Tim Cook says ‘great desktop’ Macs are in the works - doener
http://www.theverge.com/2016/12/19/14017952/apple-ceo-tim-cook-imac-mac-pro-desktop-computers
======
Clubber
I have a 2009 MacPro and Apple has marked it obsolete, so the latest OS won't
install (without a little fiddling). I like the new MacPro (2013?) but the
proprietary SSD socket is a real turn off as is having to buy two expensive
CAD cards that I don't need. I was hoping the prices would come down on the
used / refurb market, but they haven't very much.
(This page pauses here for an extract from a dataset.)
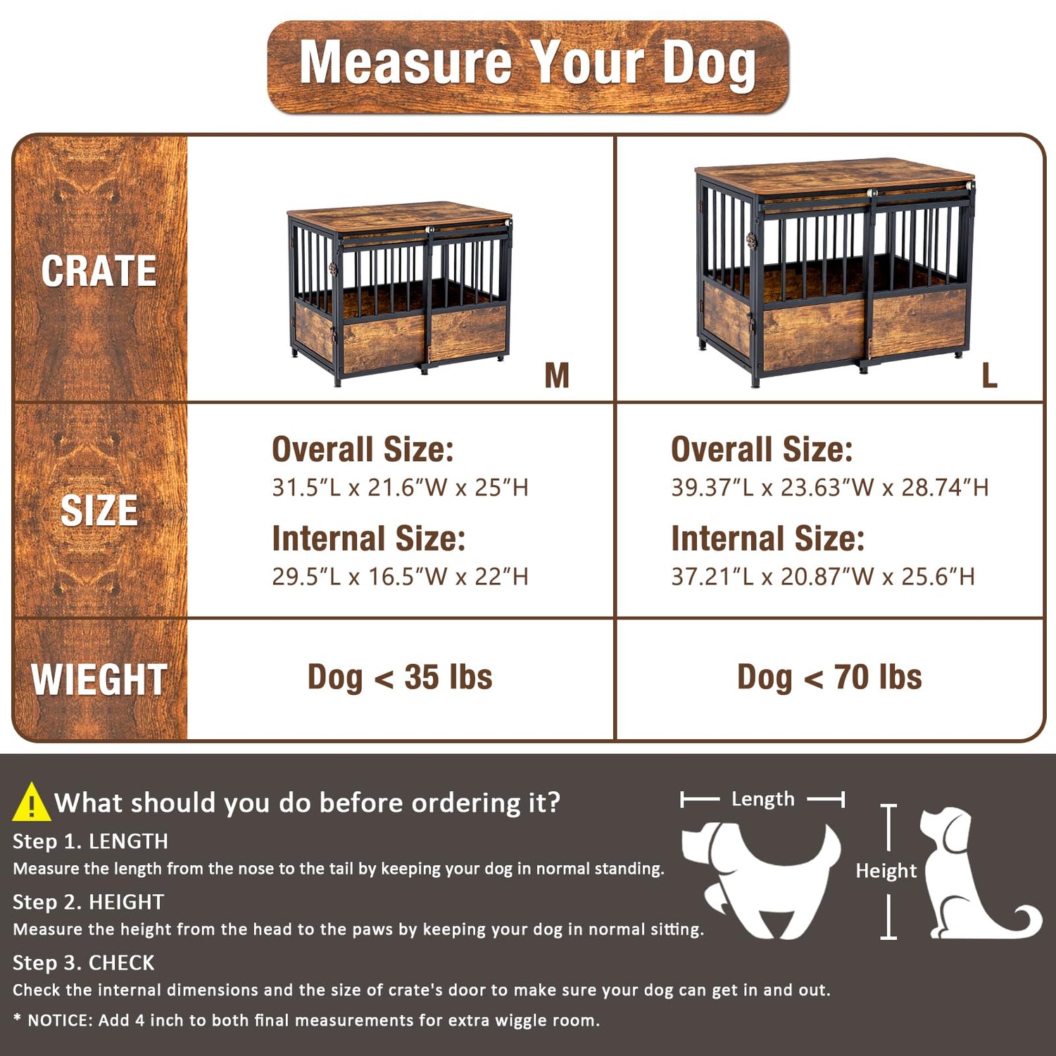 - 【Ventilation & Full View】-- The Overall Size is 32”L x 22”W x 25”H. The Internal Size is 29.5”L x 16.5”W x 22”H. This indoor large dog crate is ideal for dogs up to 35 lb. Ventilation at its personal best with a full view for the pet to enjoy some peaceful time as they can see you and you can enjoy watching them rest in style, helps a nervous puppy feel safe and relaxed.

I've all but stopped coding with it (Xcode); the app store is too saturated to
have a realistic chance of making money without a massive marketing budget. I
can't bring myself to buy an iMac without being able to use it as a monitor
once it's obsolete. Perhaps the Apple allure has worn off for me.

------
FireBeyond
I heard a rumor / theorem that Apple planned to announce iMac / Mac Pro
upgrades during the last event, but pulled them last minute based on the
strength of the Surface Studio launch the day before, as in "oh crap, we
better come out stronger than this".

Which would make sense if you considered how 'off' the presentation was: a
looong time for not very much announced, and 25 minutes of saying not very
much before we even got to that one real announcement.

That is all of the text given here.